### Supplied records
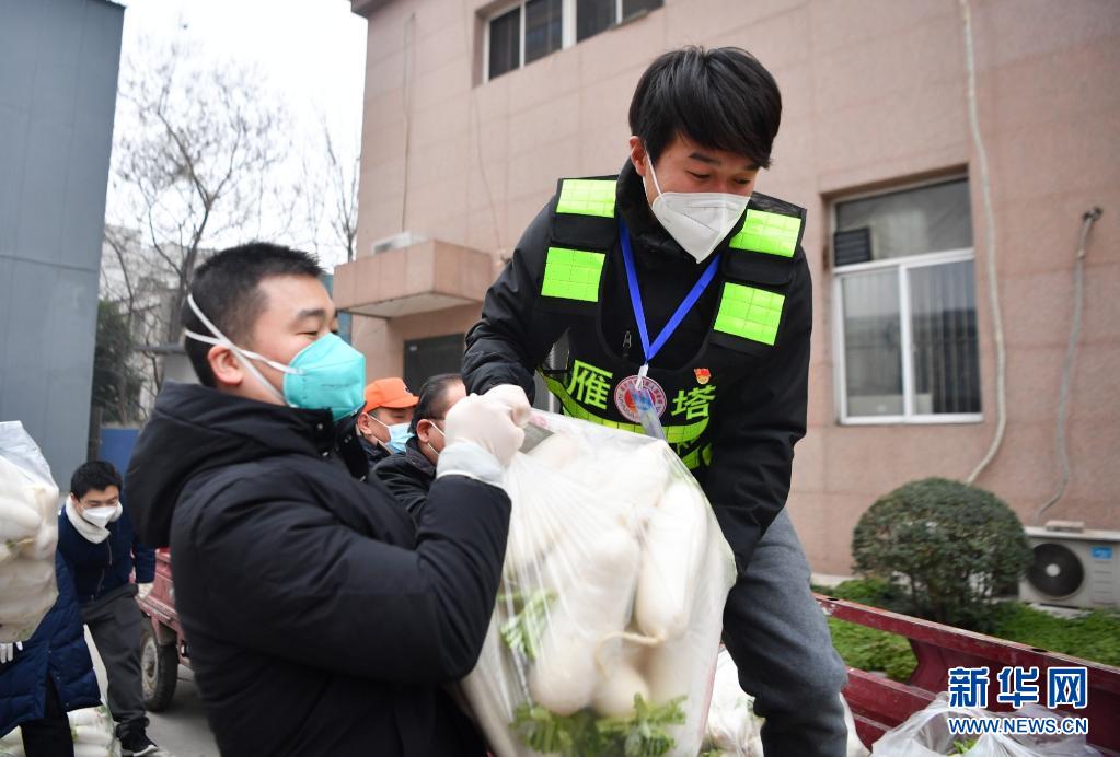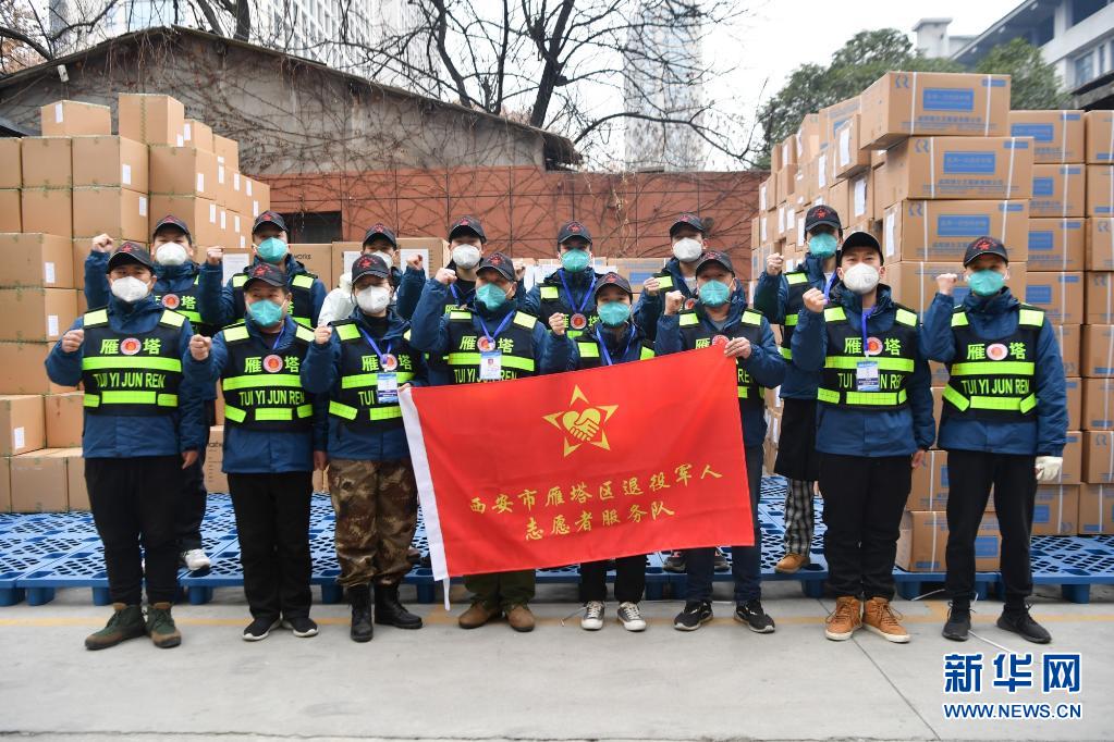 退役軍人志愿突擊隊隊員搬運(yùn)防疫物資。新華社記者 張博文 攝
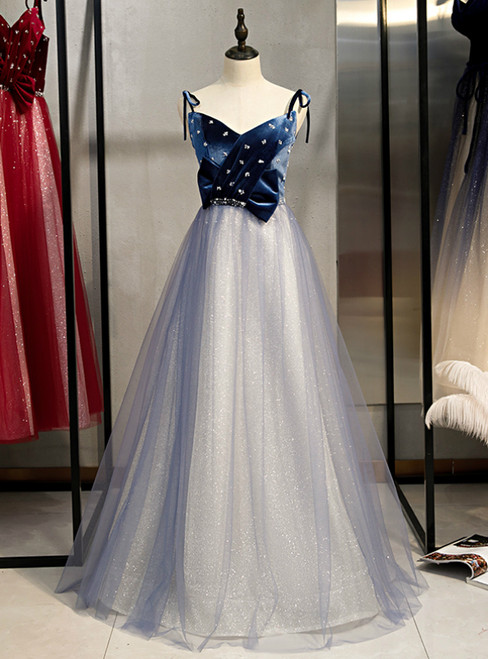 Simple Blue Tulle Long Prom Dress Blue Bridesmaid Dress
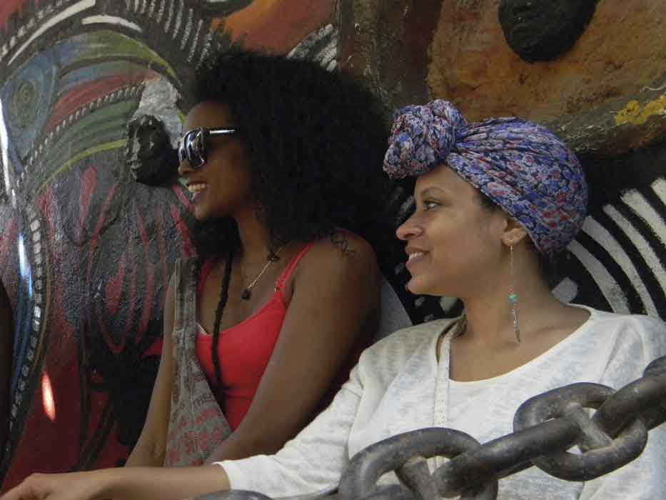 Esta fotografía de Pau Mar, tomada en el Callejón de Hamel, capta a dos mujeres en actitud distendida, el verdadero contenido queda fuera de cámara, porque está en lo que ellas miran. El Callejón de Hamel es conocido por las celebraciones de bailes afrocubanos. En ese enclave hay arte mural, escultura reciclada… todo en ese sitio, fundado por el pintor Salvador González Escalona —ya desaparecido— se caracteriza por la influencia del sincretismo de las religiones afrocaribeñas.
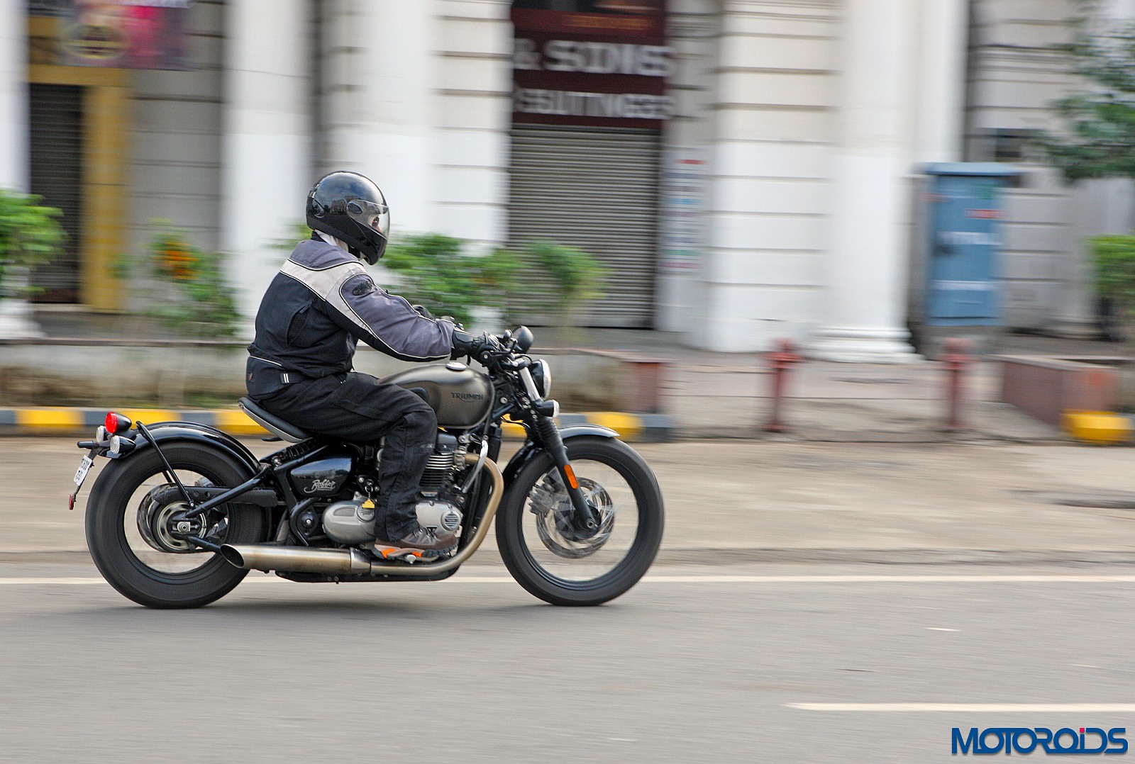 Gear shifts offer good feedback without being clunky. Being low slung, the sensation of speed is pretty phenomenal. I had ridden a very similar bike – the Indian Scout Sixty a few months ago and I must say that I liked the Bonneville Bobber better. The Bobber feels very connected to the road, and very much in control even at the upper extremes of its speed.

...

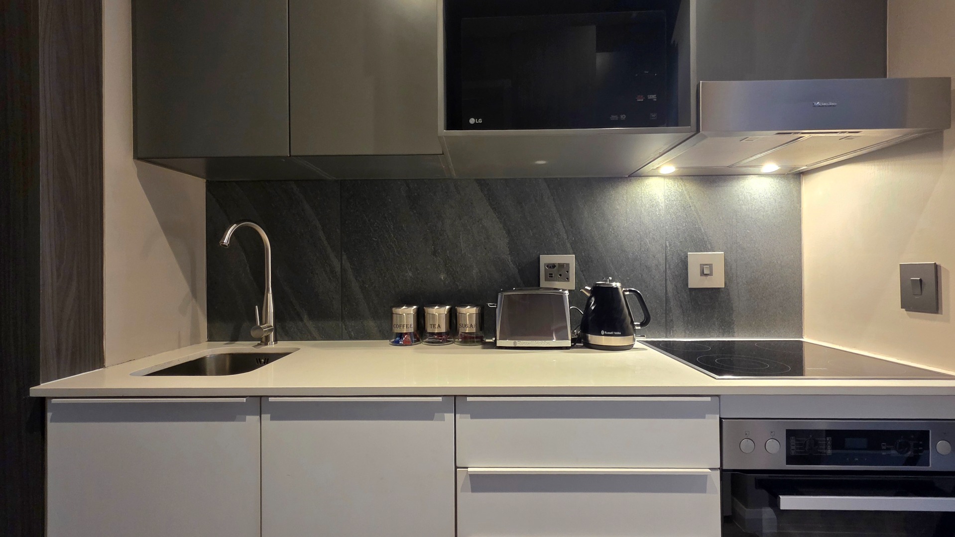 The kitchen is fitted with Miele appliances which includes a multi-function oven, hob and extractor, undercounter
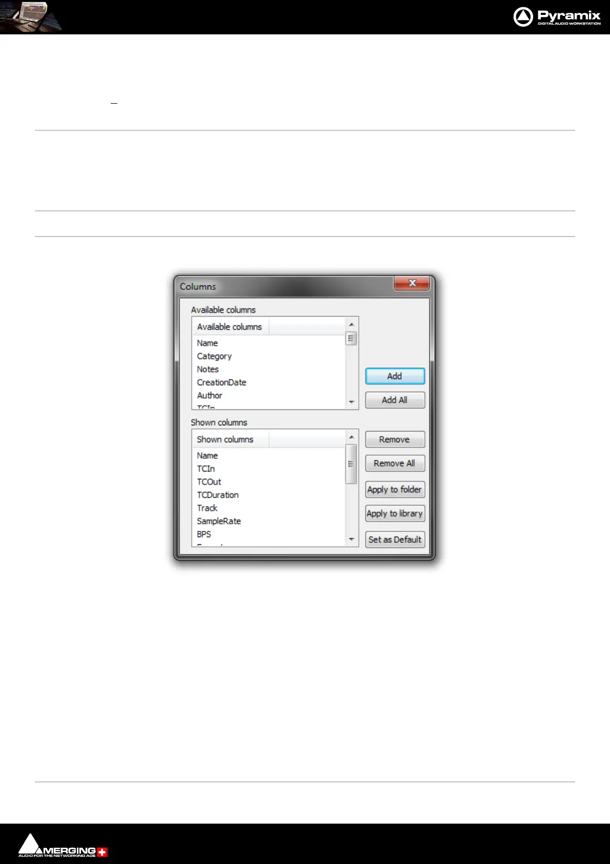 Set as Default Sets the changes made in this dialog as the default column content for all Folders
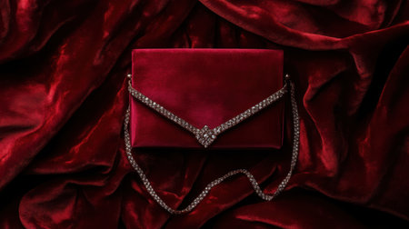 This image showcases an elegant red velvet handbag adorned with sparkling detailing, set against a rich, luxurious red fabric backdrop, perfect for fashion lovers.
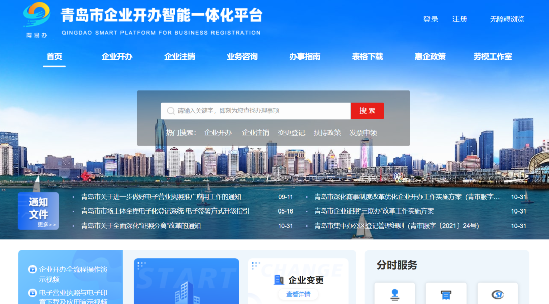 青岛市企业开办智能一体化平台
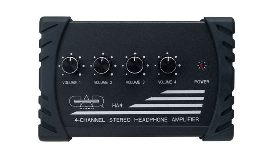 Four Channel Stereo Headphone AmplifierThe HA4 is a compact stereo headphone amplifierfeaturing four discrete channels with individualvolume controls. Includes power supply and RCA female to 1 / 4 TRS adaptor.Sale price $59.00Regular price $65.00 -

### Exercise objective
In the records above, find the line with "This image showcases" and the line with "Four Channel Stereo", then restate word for word only those two lines and all lines between, omitting pictures.

### Problem solution
 This image showcases an elegant red velvet handbag adorned with sparkling detailing, set against a rich, luxurious red fabric backdrop, perfect for fashion lovers.
 青岛市企业开办智能一体化平台
 Four Channel Stereo Headphone AmplifierThe HA4 is a compact stereo headphone amplifierfeaturing four discrete channels with individualvolume controls. Includes power supply and RCA female to 1 / 4 TRS adaptor.Sale price $59.00Regular price $65.00 -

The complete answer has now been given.